A cada dia fico mais convencida de que não criamos nada, tudo está a nossa disposição no universo e a nós cabe somente a sensibilidade e disposição para sermos intermediários entre esse tudo e o mundo que nos rodeia.
Vai de um simples artigo como esse que escrevo, uma bela canção ou até mesmo as grandes descobertas saídas do "acaso".
Hoje mesmo aconteceu algo interessante: estava me preparando para ler o livro 1968 de Zuenir Ventura, mas o caos estava instalado na minha casa, pois era o tão necessário e fatídico dia da faxina.
O único local onde poderia ter um pouco de paz, seria no meu quarto, onde concluí que não havia uma cadeira confortável, apenas uma rede na varanda. Nessa hora senti a falta de uma velha cadeira de balanço onde costumava amamentar meus filhos e que passei adiante quando mudei para a nova casa.
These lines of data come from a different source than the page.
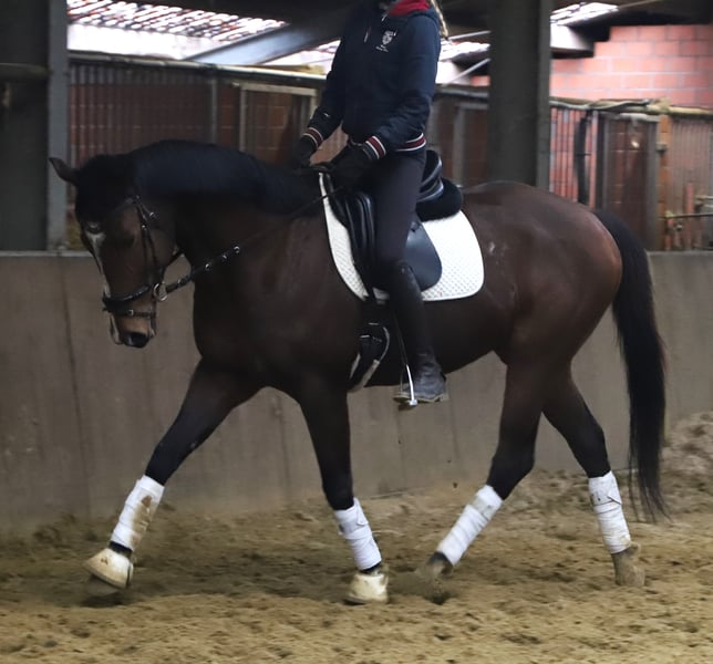 Zum Verkauf steht hier ein 164 cm großer Sporthorse Wallach Rocco ist 5 Jahre alt und und ein Meter 164 groß zur Zeit steht Rocco bei uns auf Teilbeschlag und lebt aktuell in einer gemischten Herde in Offenstall Rocco ist stets bemüht es seinen Reiter recht zu machen so wie im Gelände als auch bei der Platzarbeit macht er einen guten Job sie suchen ein ausgeglichenes Hobby und Freizeitpferd bei weiterer Förderung auch für kleine Tierturniere geeignet dann schauen Sie sich gerne diesen tollen Wallach an für das Vorstellen und Probereiten unserer Pferde berechnen wir eine Gebühr von 20€ Wir bitten um ihr Verständnis eine klinische Ankaufsuntersuchung liegt aktuell vor und ist in Ordnung weiteres gerne unter 017227 34811.
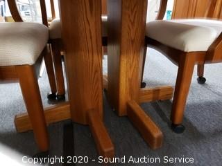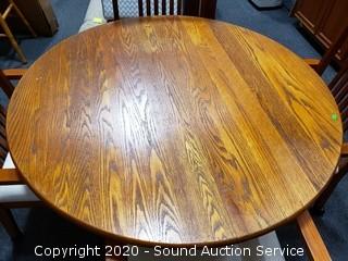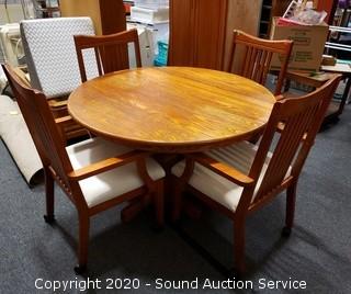 Lot #0006: Nice Oak Round Dining Table w/4 Chairs & Leaves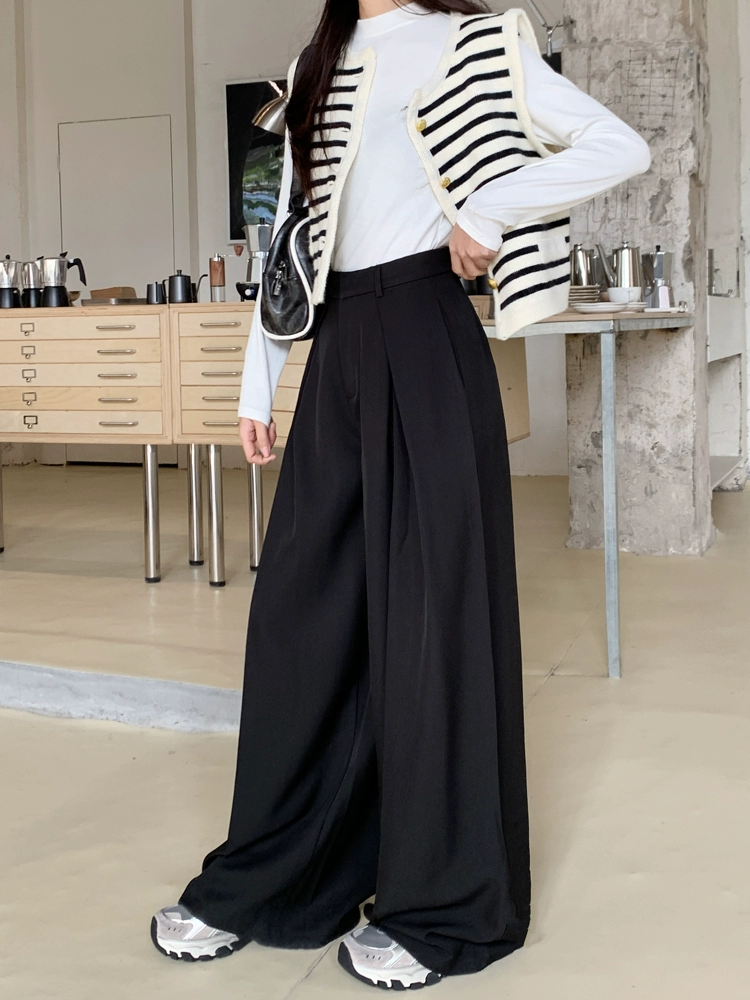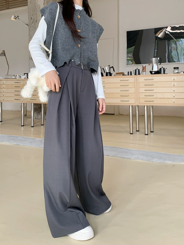 | nameOriginal | Brown spring high-waisted pleated loose floor-length pants suit |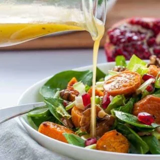 Layer the greens, sweet potatoes, maple-glazed walnuts, pomegranate arils, and crumbled bacon bits, then drizzle and toss with this light, lemony Honey-Dijon dressing just before serving. (Omit the bacon to keep this salad vegan.)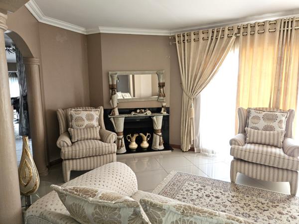 The living spaces in the house have a relaxed flow, with two lounges, a dining room, and a kitchen that all open onto a large covered patio. Plus a bonus room that would be ideal as a study or extra bedroom, entertainment space, whatever you need it to be. The patio overlooks the sparkling pool, lush garden, and bar. There is a large glass sun-room providing the perfect space for entertainment, regardless of the weather. The property also includes a spacious office or third lounge.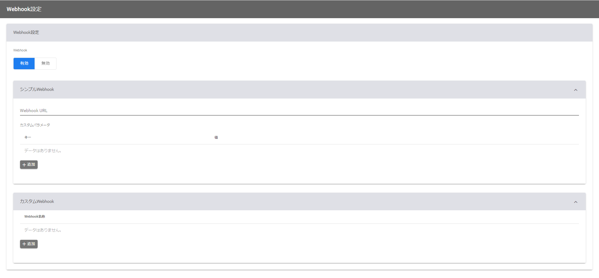 シンプルWebhookは互換性のために残されており、すでにシンプルWebhookを利用されている場合のみ表示され、シンプルWebhookを新しく利用することはできません。 シンプルWebhookの定義を消した場合は再度使用することはできないため、新しくカスタムWebhookを定義しなおしてください。シンプルWebhookと同じペイロードについてはペイロードで利用可能なマクロ一覧を参照ください。

Foi aí que me chamou atenção o fato de não gostar de dormir, sentar ou relaxar em redes. Adoro esse mobiliário do cotidiano nordestino, mas apenas como objeto de decoração. Dormir ou relaxar em rede me provoca um tremendo mal estar: sinto preguiça, indisposição a cabeça fica pesada e a sensação de cansaço toma conta do meu corpo. Me questionei como o Ceará é um grande exportador de redes e quando se fala no assunto, ela está sempre associada a folclórica preguiça baiana. Quem nunca viu a imagem de um baiano deitado em uma rede e com um coco na mão?
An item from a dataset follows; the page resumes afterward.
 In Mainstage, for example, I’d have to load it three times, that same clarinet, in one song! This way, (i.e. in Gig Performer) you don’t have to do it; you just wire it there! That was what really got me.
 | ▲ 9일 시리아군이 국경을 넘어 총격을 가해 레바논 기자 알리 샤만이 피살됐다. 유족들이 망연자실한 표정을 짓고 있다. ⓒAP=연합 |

Diante do questionamento, pensei em escrever um texto sobre o tema após a leitura do livro.
Enquanto a faxina rolava no meu quarto, resolvi dá uma olhada no facebook e me deparei com um belo artigo enviado por um amigo a respeito do mito da preguiça baiana. Ao ler o texto tive uma bela surpresa: o nosso saudoso Dorival Caymmi em 1957 fez um comercial de rum, onde aparecia tocando violão aboletado numa rede.O interessante é que segundo a sua neta Stella Caymmi, o grande artista baiano nunca gostou de redes, apreciava sim, cadeiras de balanço.
Fala-se que ela é mais antiga do que a gente imagina, mas o seu reconhecimento mesmo aconteceu através da carta de Pero Vaz de Caminha quando os portugueses aportaram em Porto Seguro e o uso da rede em lugar de cama, foi adotado pelos colonizadores como o meio mais confortável para dormir em dias quentes.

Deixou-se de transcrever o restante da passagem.